→ What the exercise asks: Reproduce the lines below exactly, from the one containing "Pudra Temalı Kanaviçe" through the one containing "既有传统的广式豆沙和鲜肉月饼", both included. Leave out any pictures.

→ Supplied material:
◇ ◇ ◇
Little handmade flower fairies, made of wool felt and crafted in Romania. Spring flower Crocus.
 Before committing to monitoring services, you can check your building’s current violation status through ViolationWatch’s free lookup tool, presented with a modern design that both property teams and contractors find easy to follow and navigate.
◇ ◇ ◇
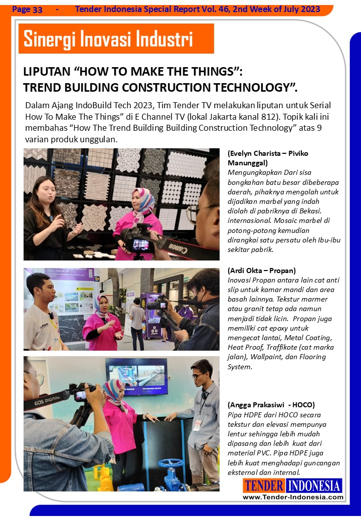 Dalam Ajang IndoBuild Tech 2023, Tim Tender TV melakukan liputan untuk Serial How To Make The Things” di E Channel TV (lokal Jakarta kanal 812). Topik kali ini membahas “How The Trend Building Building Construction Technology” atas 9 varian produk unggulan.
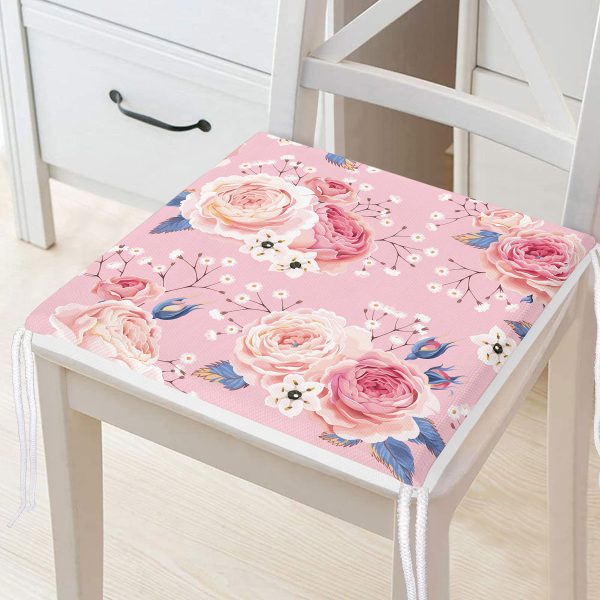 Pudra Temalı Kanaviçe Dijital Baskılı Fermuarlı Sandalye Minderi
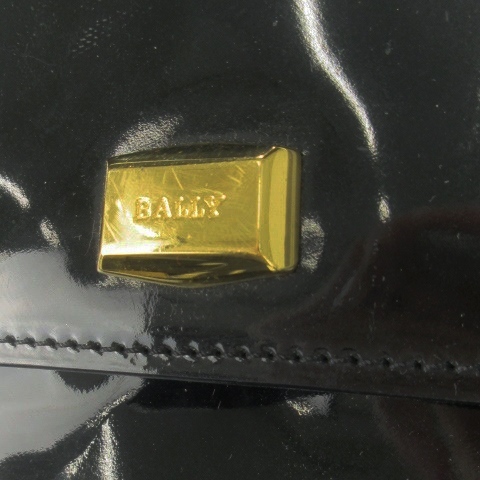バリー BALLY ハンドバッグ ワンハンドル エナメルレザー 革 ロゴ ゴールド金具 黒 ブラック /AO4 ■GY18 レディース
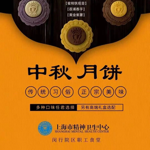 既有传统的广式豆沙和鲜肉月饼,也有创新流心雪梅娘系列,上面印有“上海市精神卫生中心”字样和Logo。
◇ ◇ ◇
→ Task solution:
 Pudra Temalı Kanaviçe Dijital Baskılı Fermuarlı Sandalye Minderi
バリー BALLY ハンドバッグ ワンハンドル エナメルレザー 革 ロゴ ゴールド金具 黒 ブラック /AO4 ■GY18 レディース
 既有传统的广式豆沙和鲜肉月饼,也有创新流心雪梅娘系列,上面印有“上海市精神卫生中心”字样和Logo。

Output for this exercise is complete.